Proof-reading you’re own work

May 8th, 2009

It was an editor’s worst nightmare. You put the magazine to bed, send it off to the printer and feel pretty good about yourself. Another deadline hit, another decent issue. Time for a tincture.
Then you casually glance at one of the pages – and notice a typo on the front page.
Fortunately, pre-press had only just started on it, so I could Fetch through a new page.
But it’s one of those constant worries when you proof-read something you’ve written.
People always ask on training courses: “How do I pick up all the mistakes when I’m subbing or proofing my own work?”
The simple answer is: “You don’t.”
No matter how careful you are, something will slip under the radar. Homonyms, missed words, punctuation errors or typos: one of them will find a way round your defences.
The answer, of course, is to get someone else to proof your work. Easier said than done when you’re a one-man band.
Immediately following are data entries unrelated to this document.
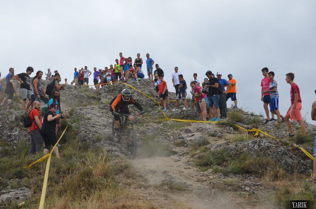 Del TC4 toca enlace por el Calvario hasta el TC5 y final de carrera, donde el público era aún más nutrido y los gritos se oían hasta el otro lado del barranco, desde el TC4 se les podía oír. Esta bajada no tenía mucha complicación, pero el terreno seco y suelto daba un extra de peligrosidad, podías coger mucha velocidad y luego al parar para enfrentar la zona más radical podías tener un susto…. o podías no frenar, como hicieron algunos y simplemente volar por las piedras….jajajaja!!
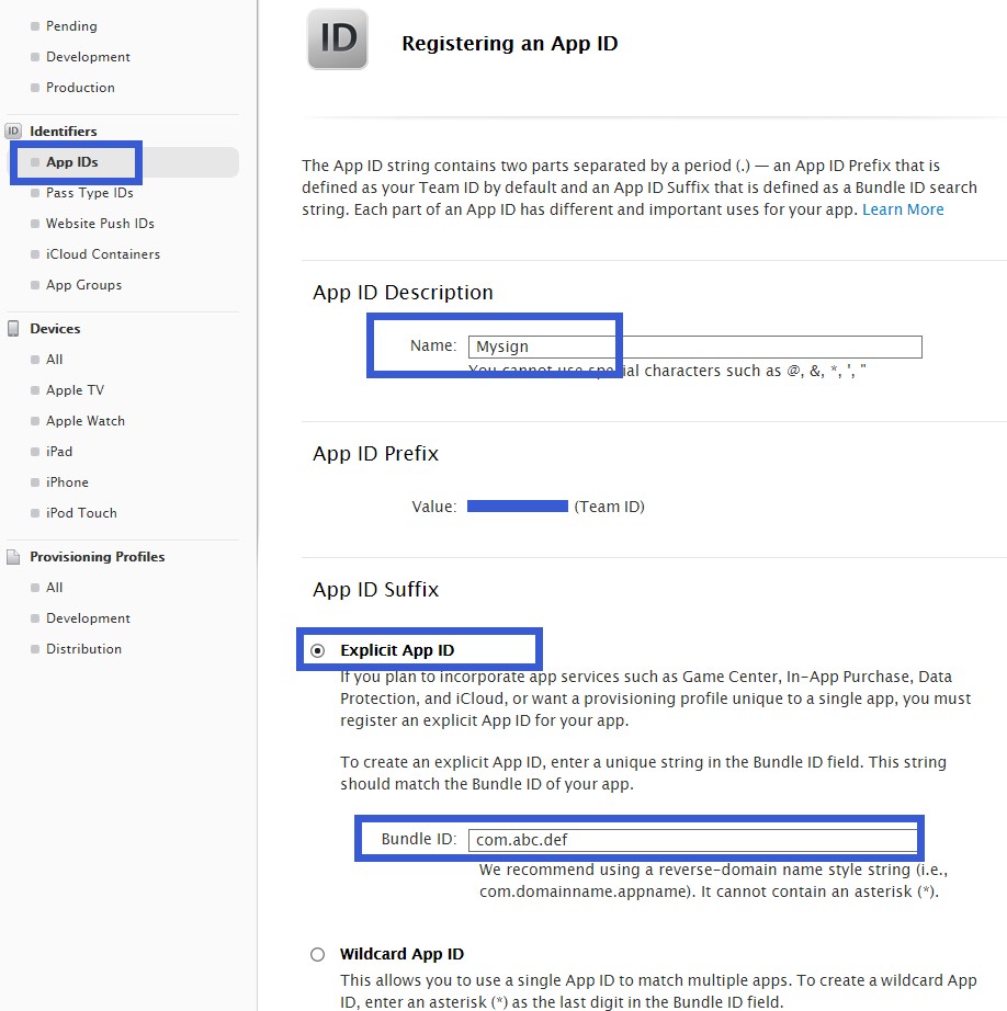 點擊左邊目錄中的“Identifiers”下的“App IDs”,這里是為我們的工程創建一個標示,也就是俗稱簽名,只有滿足標示的工程才能進行真機調試與發布。
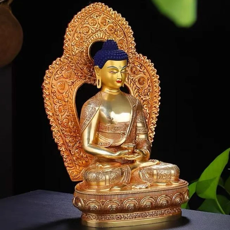 Amitabha Buddha Statue Buddhist Item,Backlight Brass Exquisite Nepal Tantric Altars Home Decorative Amitabha Buddha Figurine

Even my wife, who is wonderfully loyal, suddenly finds she has an urgent need to wash her hair when it’s Classic Angling proof-reading time.
Can’t really blame her. Reading articles about the different engravings on 1920s Allcock Aerials or the minute changes in National Federation of Anglers’ badges requires a knowledge and devotion to accuracy and checking that few have (or want).
So spare a thought for those like me who beaver away writing, subbing, designing and proof-reading every word, every page. We’re gonna make mistakes. We just hope that we catch them before the presses start rolling.
I remember, some years ago, the phone ringing at 2am. The temptation was to ignore it. Drunk friend wanting a lift home? A pal arrested and hoping you can help?
When your magazine is due to print that night, it can only be one thing.
It was the printers, who in those days stripped in the ads. “Er, Keith, we’ve got a problem. On page 15, you’ve got a 25 x 4 ad. Only it’s not. The ad is 25 by FIVE columns.”
As I said, find someone else apart from yourself to do the proof-reading.
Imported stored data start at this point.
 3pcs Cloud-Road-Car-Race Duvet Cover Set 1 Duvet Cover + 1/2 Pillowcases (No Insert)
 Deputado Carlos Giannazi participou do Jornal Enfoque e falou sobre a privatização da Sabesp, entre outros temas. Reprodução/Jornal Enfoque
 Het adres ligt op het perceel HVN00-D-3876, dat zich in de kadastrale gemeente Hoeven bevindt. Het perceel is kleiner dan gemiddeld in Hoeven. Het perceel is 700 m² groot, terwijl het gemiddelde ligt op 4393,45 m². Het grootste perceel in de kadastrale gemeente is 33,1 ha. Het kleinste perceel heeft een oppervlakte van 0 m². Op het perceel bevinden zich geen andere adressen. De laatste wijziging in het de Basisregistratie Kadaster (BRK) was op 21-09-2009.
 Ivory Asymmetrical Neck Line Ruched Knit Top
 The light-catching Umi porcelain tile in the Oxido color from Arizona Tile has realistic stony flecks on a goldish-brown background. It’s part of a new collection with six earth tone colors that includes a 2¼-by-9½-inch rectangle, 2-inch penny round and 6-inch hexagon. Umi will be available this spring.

How to support Stoke FC and lose business

April 16th, 2009

This isn’t an easy thing to confess, but…I’m a Stoke City fan.
Never lived there, worked there. No Elliott, to my knowledge, has any sort of Stokie connection.
It all started years ago, when I did casual shifts for Accountancy Age in Frith Street. Turned out the cleaner was Alan Hudson’s mum.
We talked, I travelled to a match with her, and for a couple of seasons, hardly missed a single fixture, even the away ones.
Those of a certain generation will remember Hudson (Chelsea, Stoke, Arsenal). Franz Beckenbauer called him the finest English midfielder he had ever seen after Hudson destroyed Germany, then world champions, in 1975.
And what a team Stoke had then! Hudson, Banks, Pejic, Greenhoff, Mahoney, Salmon, Smith… For a while, they were actually top of the league, but five broken legs for first-team players put paid to supporters’ hopes.
They were the 1970s equivalent of today’s Arsenal: sweet, flowing, one-touch football. Easy to support such a team and its ethos.
That was then. Now, Stoke appear to be a team of big, intimidating blokes who can kick and throw a ball a very long way: a real security guards’ XI.
Trouble is, as a fan, you can’t switch. You can’t say: think I’ll support Liverpool this year. You take what you’ve inherited and snatch a few moments of pleasure in seasons of gloom, while dreaming of those golden days.
Dominic Mills, Haymarket’s editorial director, is a Fulham fan. He’s even got a season ticket (renewed early, too). And when he invited me to their home match, I accepted without thinking.
Trouble is, I’m not a quiet supporter, a stay-in-your-seat-and-clap-politely fan. What if Stoke add to their rich tally of 13 away goals this season?
Unlikely, but it could happen. I just know I’ll leap in the air, punch Dominic and taunt the opposing fans – except they’ll be all around me.
Haymarket is an important client for us. Beating up their editorial director at a football match is probably not the best way to boost business and improve relationships.
Would it be too much, God, to ask for a tame 0-0 draw?